Relationship loading
ORMs let you express relationships declaratively and handle join logic for you:
# SQLAlchemy: load user with their orders in one query
user = session.scalars(
select(User)
.options(selectinload(User.orders))
.where(User.id == 42)
).one()
for order in user.orders:
print(order.total)
Where ORMs Struggle
Complex aggregations
Anything beyond simple GROUP BY usually produces awkward ORM code or forces you into raw expressions anyway:
# ORM way — verbose and hard to read
from sqlalchemy import func
result = session.execute(
select(
User.id,
func.count(Order.id).label("order_count"),
func.sum(Order.total).label("lifetime_value"),
)
.join(Order, Order.user_id == User.id)
.where(User.created_at > "2024-01-01")
.group_by(User.id)
.having(func.sum(Order.total) > 1000)
.order_by(func.sum(Order.total).desc())
).all()
Raw SQL version:
SELECT
u.id,
COUNT(o.id) AS order_count,
SUM(o.total) AS lifetime_value
FROM users u
JOIN orders o ON o.user_id = u.id
WHERE u.created_at > '2024-01-01'
GROUP BY u.id
HAVING SUM(o.total) > 1000
ORDER BY SUM(o.total) DESC;
The SQL is shorter, clearer, and easier to paste into a query analyzer.
The N+1 query problem
The classic ORM footgun: loading a list of objects and then accessing a relationship on each one triggers a separate query per row.

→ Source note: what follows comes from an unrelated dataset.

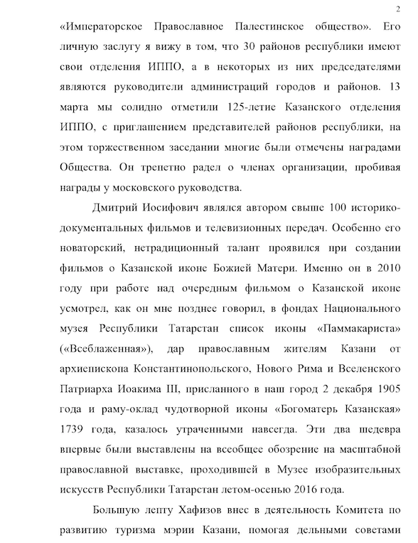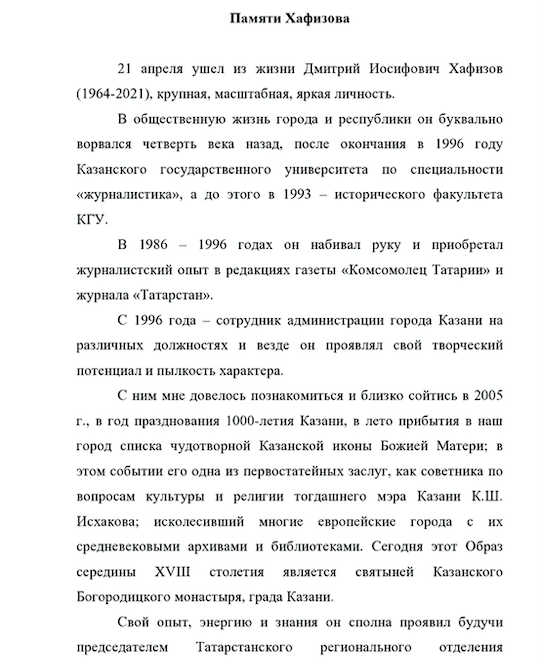 21 апреля 2021 года не стало руководителя Татарстанского отделения Императорского Православного Палестинского Общества, советника мэра Казани по вопросам религии, члена общественной палаты Республики Татарстан Дмитрия Хафизова.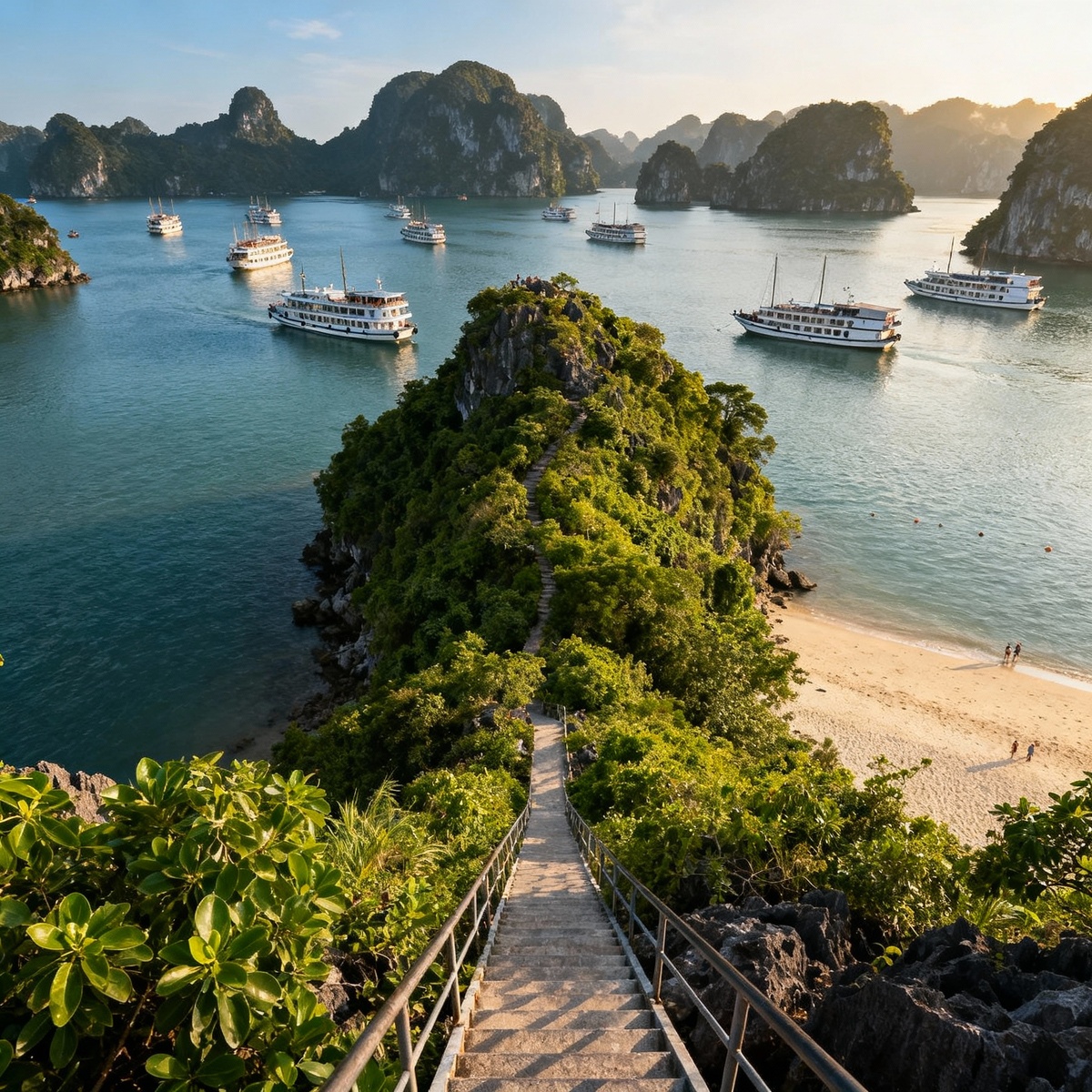 Бухта Халонг — "визитная карточка" Вьетнама, одна из самых живописных бухт Азии. Здесь можно найти уникальные острова, впечатляющие пещеры, панорамные точки, культурные места и аутентичные деревни — всё для насыщенного маршрута. Самое популярное место для панорамных видов. На острове песчаный пляж с кристально чистой водой, а со смотровой площадки открывается лучший обзор на бухту (нужно преодолеть 350 ступеней). Есть памятник космонавту Герману Титову. Отличная точка для фотографий и купания в море. Главная и самая длинная пещера бухты. Внутри залы с фантастическими сталактитами и сталагмитами, причудливые формы напоминают животных и морских существ. Хорошо организованы проходы, подсветка, безопасные ступени. Одно из самых красивых природных чудес региона. Группа маленьких островков и лагун. Популярное место для каякинга, небольших пляжей и уединённых прогулок на лодках. Рядом — рыбацкая деревня, где можно познакомиться с бытом местных и попробовать свежие морепродукты. Живописна

# This fires 1 + N queries (one for users, one per user for orders)
users = session.scalars(select(User)).all()
for user in users:
print(len(user.orders)) # lazy load fires here
Fix it with eager loading:
users = session.scalars(
select(User).options(selectinload(User.orders))
).all()
# Now it's 2 queries: one for users, one for all orders
But knowing when this will happen requires understanding what the ORM does under the hood — which somewhat defeats the abstraction.
Generated SQL quality
ORMs sometimes produce queries that are technically correct but inefficient. The only way to know is to log and inspect the SQL:
# SQLAlchemy: enable query logging
import logging
logging.getLogger("sqlalchemy.engine").setLevel(logging.INFO)

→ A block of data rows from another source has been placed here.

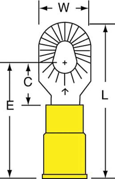 SKU G6163613CategoriesDescription Ring Terminal, Insulation Color Yellow, Maximum Operating Temperature 221 Degrees F, Maximum Voltage 1,000 V, Minimum Wire Size 12 AWG, Maximum Wire Size 10 AWG, Termination Style Crimp, Tongue Width 0.53 in, Contact Material Copper, Standards CSA Certified, UL Listed, Overall Length 1.26 in, Package Quantity 25graingerSKU: 25AZ90, mscSKU: , zoro_no: G6163613, mongo_id: 65bbe81522d7a989a98d779d
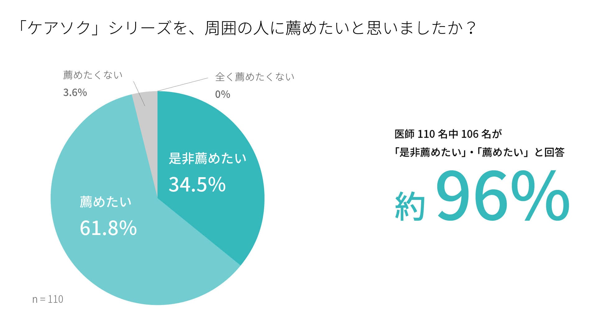 この度、ケアソクシリーズをより安心してお客様に選んでいただくため、「Doctors Me」医師モニター評価サービスを利用して、整形外科医・皮膚科医による第三者評価を実施しました。サンプリングアンケートの結果、110名中106名が「周りの方にお薦めしたい」と回答(※1)。約96%の医師が推奨を示す結果となり、一般的な靴下として初めて「医師推奨マーク」(※2)を取得いたしました。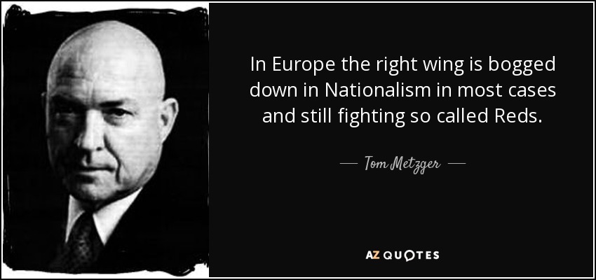 In Europe the right wing is bogged down in Nationalism in most cases and still fighting so called Reds.

// Prisma: log all queries
const prisma = new PrismaClient({ log: ["query"] });
Always check the generated SQL for performance-critical paths.
Dropping Down to Raw SQL
Both SQLAlchemy and Prisma support raw queries when you need them.
SQLAlchemy raw SQL
from sqlalchemy import text
result = session.execute(
text("""
SELECT
u.id,
u.name,
COUNT(o.id) FILTER (WHERE o.status = 'completed') AS completed_orders
FROM users u
LEFT JOIN orders o ON o.user_id = u.id
WHERE u.created_at > :since
GROUP BY u.id, u.name
ORDER BY completed_orders DESC
LIMIT :limit
"""),
{"since": "2024-01-01", "limit": 20},
).mappings().all()
Parameters are still bound properly — no injection risk.
Prisma raw SQL
const results = await prisma.$queryRaw<UserStats[]>`
SELECT
u.id,
u.name,
COUNT(o.id) FILTER (WHERE o.status = 'completed') AS completed_orders
FROM users u
LEFT JOIN orders o ON o.user_id = u.id
WHERE u.created_at > ${new Date("2024-01-01")}
GROUP BY u.id, u.name
ORDER BY completed_orders DESC
LIMIT ${20}
`;
The tagged template literal automatically parameterizes interpolated values.
When to Use What
| Situation | Recommendation |
|---|---|
| Standard CRUD operations | ORM |
| Simple filtering, sorting, pagination | ORM |
| Migrations and schema management | ORM tooling |
| Complex aggregations, window functions | Raw SQL |
| Reporting queries | Raw SQL |
| N+1 problem you can’t easily fix | Raw SQL with JOIN |
| Query needs EXPLAIN tuning | Raw SQL |
| Full-text search, JSON operations | Raw SQL (or ORM expressions) |
A practical middle ground: use the ORM for all CRUD and simple reads, but maintain a queries/ directory of .sql files for complex reports and analytics. Load them with text() or $queryRaw. This keeps the benefits of ORM (migrations, connection pooling, parameterization) while letting complex queries be written and tested as SQL.
Conclusion
ORMs are not an abstraction over SQL — they’re a productivity layer on top of it. They shine for CRUD, schema management, and straightforward reads. They become a liability when query complexity grows, when generated SQL performs poorly, or when you need database-specific features. The best codebases use ORMs as the default and drop to raw SQL when the problem calls for it, rather than committing fully to one side of the debate.